Hello! I have a two year old cockapoo and he is STILL going potty in the house. Our largest problem is #1. And I wish I could say they were accidents. Sometimes he just raises his leg and just goes! 

At first, I thought it was just at my place because the smell is probably not 100% gone, but he did it at my friend's house the other day too 

When he goes outside, he only goes a little at a time- maybe so I will take him on a longer walk?

Is it possible to potty train at 2 years old? Do I need to go back to the crate?

Thank you for any advice!


----------



## kendal (Jul 16, 2009)

is he nutered, is it only him cocking his leg on things or is he peeing in the middle of the room. 


my guess is he is marking the house or any house he goes to. nutering could stop this if he isnt already done, other than that im not sure as its only ever girls i have had.


----------



## franksmommy (Jan 4, 2010)

Thanks for your reply Kendal. He has been nuetered. He goes in the middle of the room also.

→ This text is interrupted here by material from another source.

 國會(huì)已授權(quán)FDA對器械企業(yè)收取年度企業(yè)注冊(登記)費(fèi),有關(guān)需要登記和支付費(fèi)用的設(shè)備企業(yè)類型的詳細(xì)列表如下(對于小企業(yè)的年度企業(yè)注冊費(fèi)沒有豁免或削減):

He is doing it on purpose I think. 

Thanks!


----------



## kendal (Jul 16, 2009)

is he doing it when your in or when your out. 

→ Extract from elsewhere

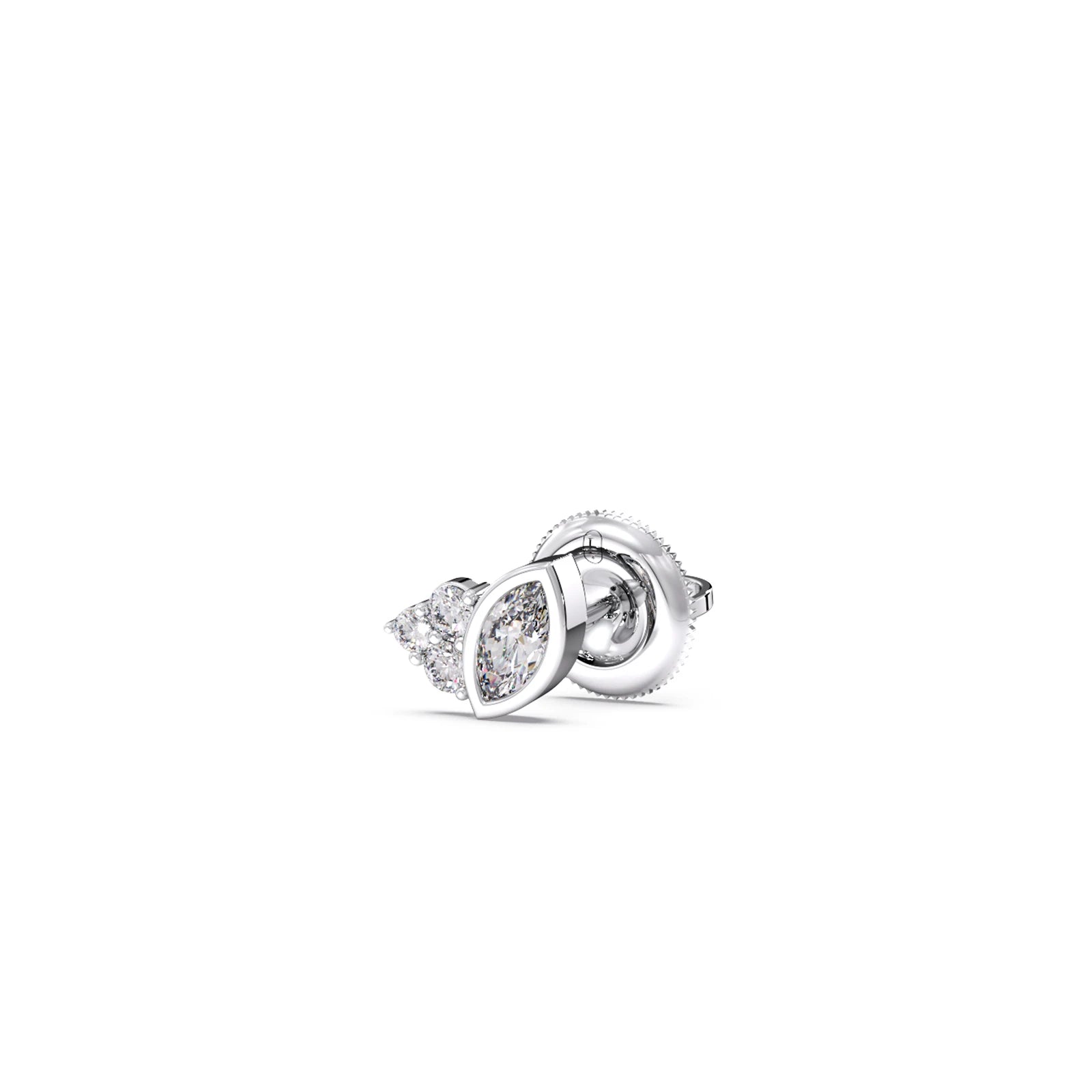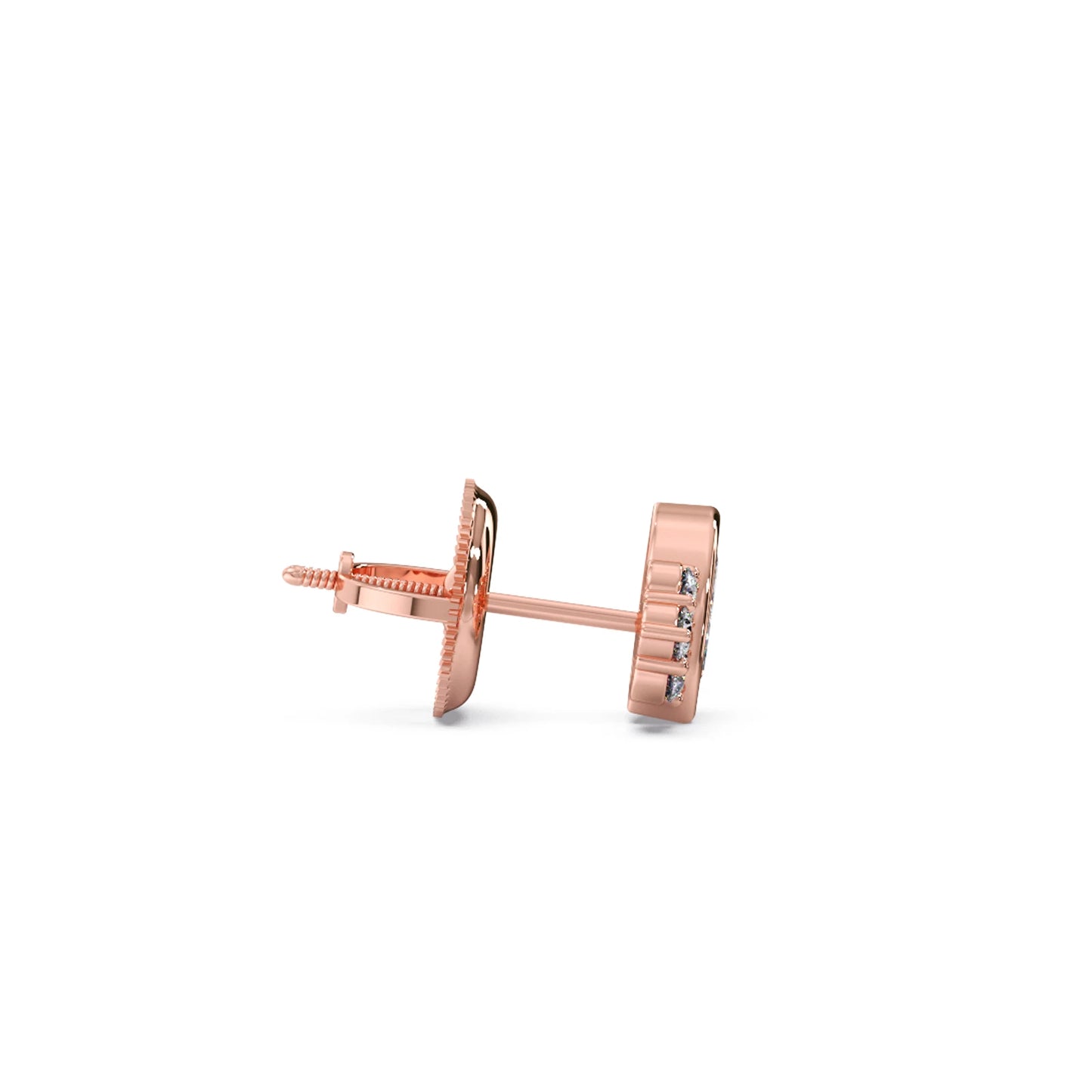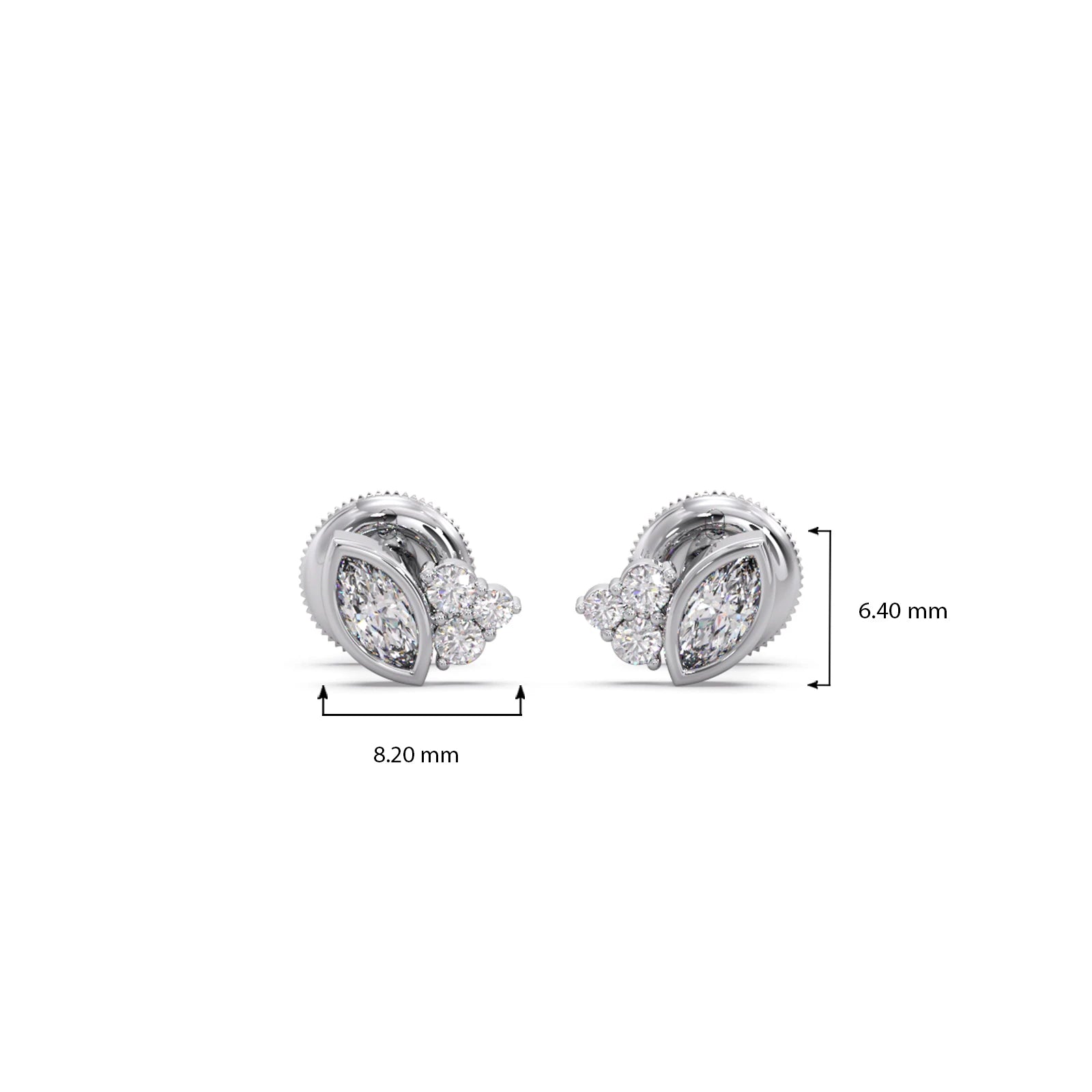 A pair of elegant stud earrings featuring a marquise-cut diamond center stone with a cluster of smaller diamonds surrounding it. The earrings are set in a classic rose gold setting.

is he drinking more than normal or peeing more than normal. 

how long is he left on his own for, how long is he walked for. 

has anything changed in the house, or is this something he has always done and you just cant find a way to stop it.


----------



## chris04 (Jan 8, 2012)

Hello..Sorry to hear that your cockapoo is giving you problems...you know maybe you should "crate-train"..again..like take a whole day to deal with this issue..keep him in for awhile and then when you let him out ..put leash on and take outside to go potty..if he goes praise like crazy..and if he doesn't take back to crate and try again in about an hour again...i say verbally tell him when you take him out to go "pee"..and if he doesn't ..tell him.."ok back to your crate I'll take you back out in a little while"...don't let him break you...cockapoo's are very smart...sometimes too smart..Lol..hope this works for you


----------